**Data extract**

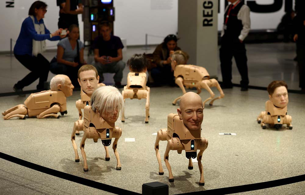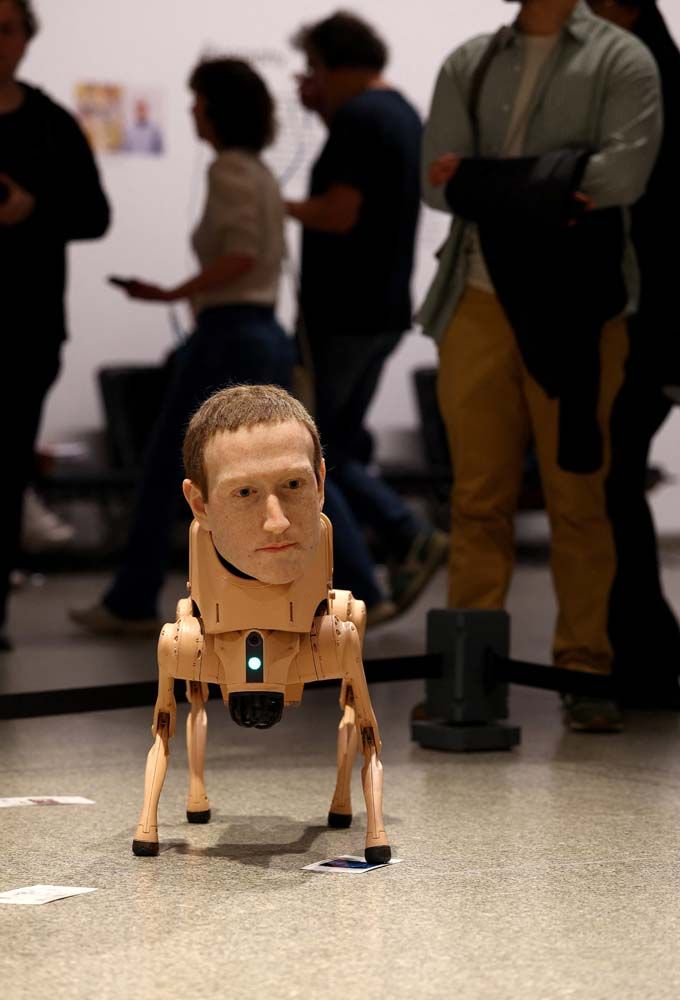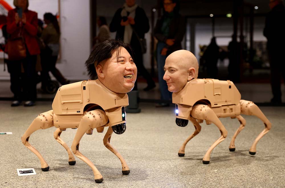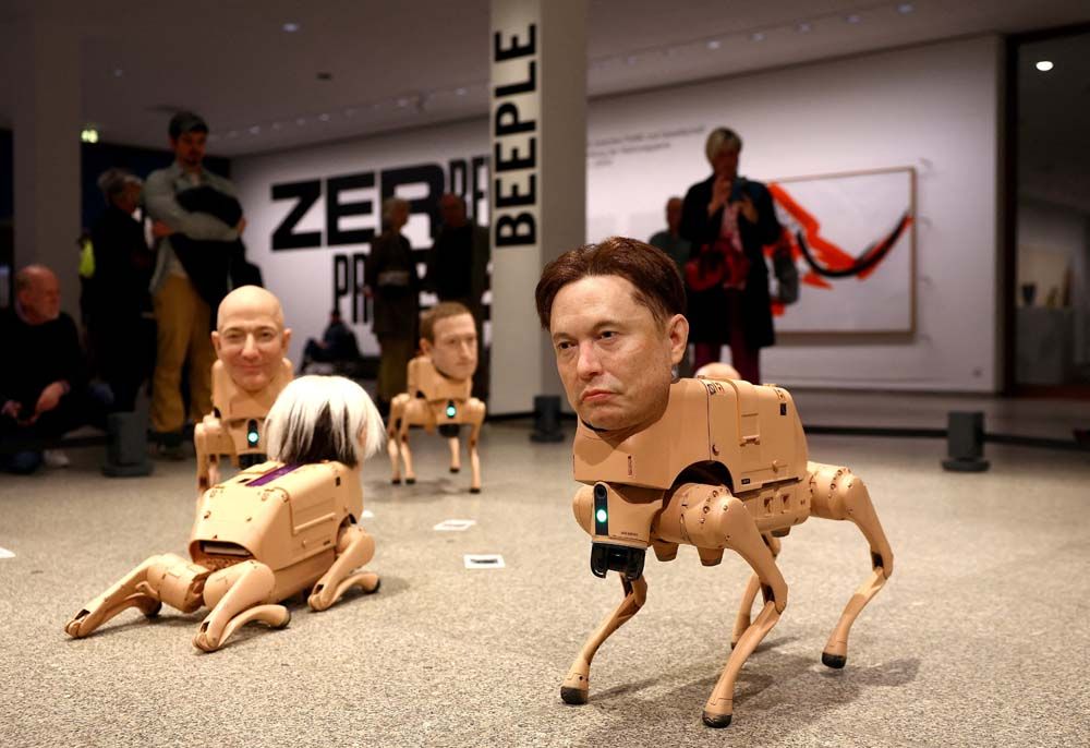 30 เมษายน 2569 สำนักข่าวต่างประเทศรายงานว่า ไมค์ วินเคลมันน์ หรือที่รู้จักกันดีในชื่อ Beeple ศิลปินดิจิทัลชาวอเมริกันสุดโด่งดัง จัดแสดงผลงานศิลปะนวัตกรรมใหม่ เป็นงานศิลปะแบบจัดวาง (Installation Art) เป็นหุ่นยนต์สุนัขที่มีใบหน้าเป็นมหาเศรษฐีผู้ทรงอิทธิพลในโลกเทคโนโลยีและศิลปินระดับตำนาน ที่หอศิลป์แห่งชาติแห่งใหม่ ที่กรุงเบอร์ลิน ประเทศเยอรมนี
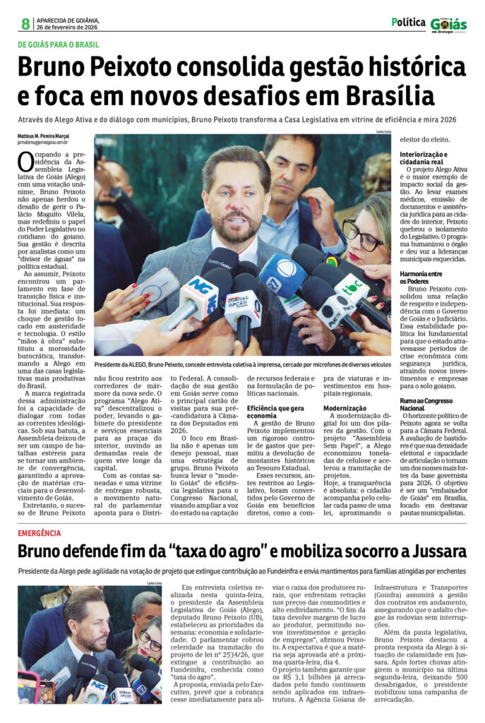 Ocupando a presidência da Assembleia Legislativa de Goiás (Alego) com uma votação unânime, Bruno Peixoto não apenas herdou o desafio de gerir o Palácio Maguito Vilela, mas redefiniu o papel do Poder Legislativo no cotidiano do goiano. Sua gestão é descrita por analistas como um “divisor de águas” na política estadual, marcada por um choque de gestão focado em austeridade e tecnologia.
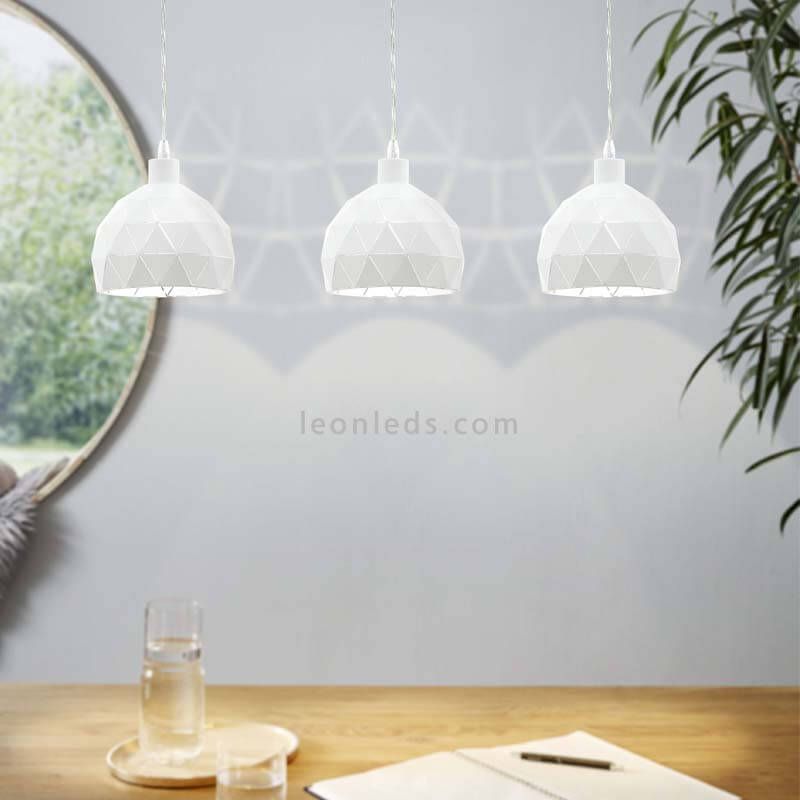La Lámpara colgante Roccaforte blanca 3 pantallas de Eglo Iluminación es la mejor opción para ti si estás buscando una lámpara elegante de color blanco con inspiración vintage y moderna.
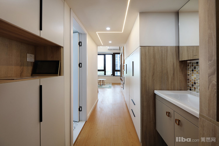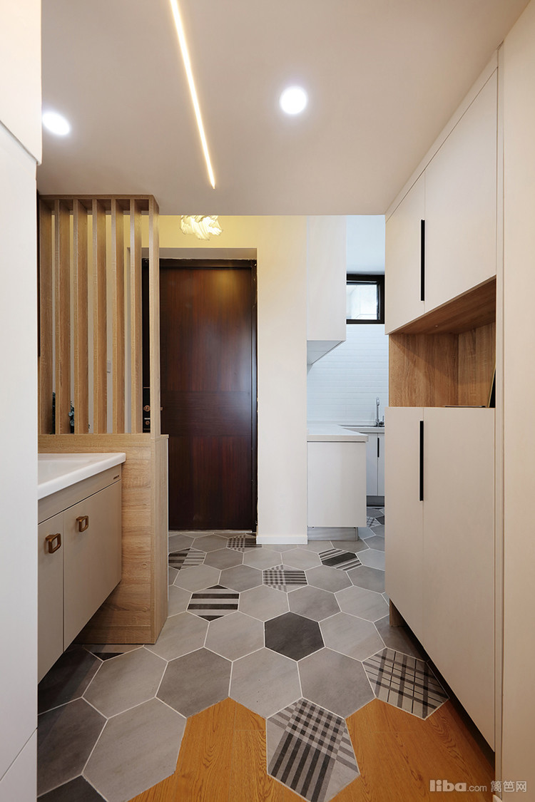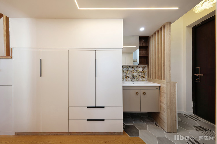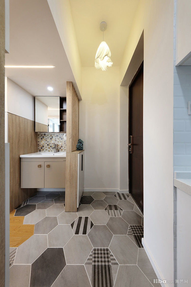 这时候可以采用隔断式玄关柜设计,让家重新划分出多功能空间而不杂乱,增加视野的宽广性和储物性,一组矮柜、一扇屏风。同时将底部悬空式设计的洗手台隐藏在玄关柜后,美观且实用。

**Instructions for the task**
Each line above has to be returned exactly. Drop the pictures.

**Task result**
 30 เมษายน 2569 สำนักข่าวต่างประเทศรายงานว่า ไมค์ วินเคลมันน์ หรือที่รู้จักกันดีในชื่อ Beeple ศิลปินดิจิทัลชาวอเมริกันสุดโด่งดัง จัดแสดงผลงานศิลปะนวัตกรรมใหม่ เป็นงานศิลปะแบบจัดวาง (Installation Art) เป็นหุ่นยนต์สุนัขที่มีใบหน้าเป็นมหาเศรษฐีผู้ทรงอิทธิพลในโลกเทคโนโลยีและศิลปินระดับตำนาน ที่หอศิลป์แห่งชาติแห่งใหม่ ที่กรุงเบอร์ลิน ประเทศเยอรมนี
 Ocupando a presidência da Assembleia Legislativa de Goiás (Alego) com uma votação unânime, Bruno Peixoto não apenas herdou o desafio de gerir o Palácio Maguito Vilela, mas redefiniu o papel do Poder Legislativo no cotidiano do goiano. Sua gestão é descrita por analistas como um “divisor de águas” na política estadual, marcada por um choque de gestão focado em austeridade e tecnologia.
La Lámpara colgante Roccaforte blanca 3 pantallas de Eglo Iluminación es la mejor opción para ti si estás buscando una lámpara elegante de color blanco con inspiración vintage y moderna.
 这时候可以采用隔断式玄关柜设计,让家重新划分出多功能空间而不杂乱,增加视野的宽广性和储物性,一组矮柜、一扇屏风。同时将底部悬空式设计的洗手台隐藏在玄关柜后,美观且实用。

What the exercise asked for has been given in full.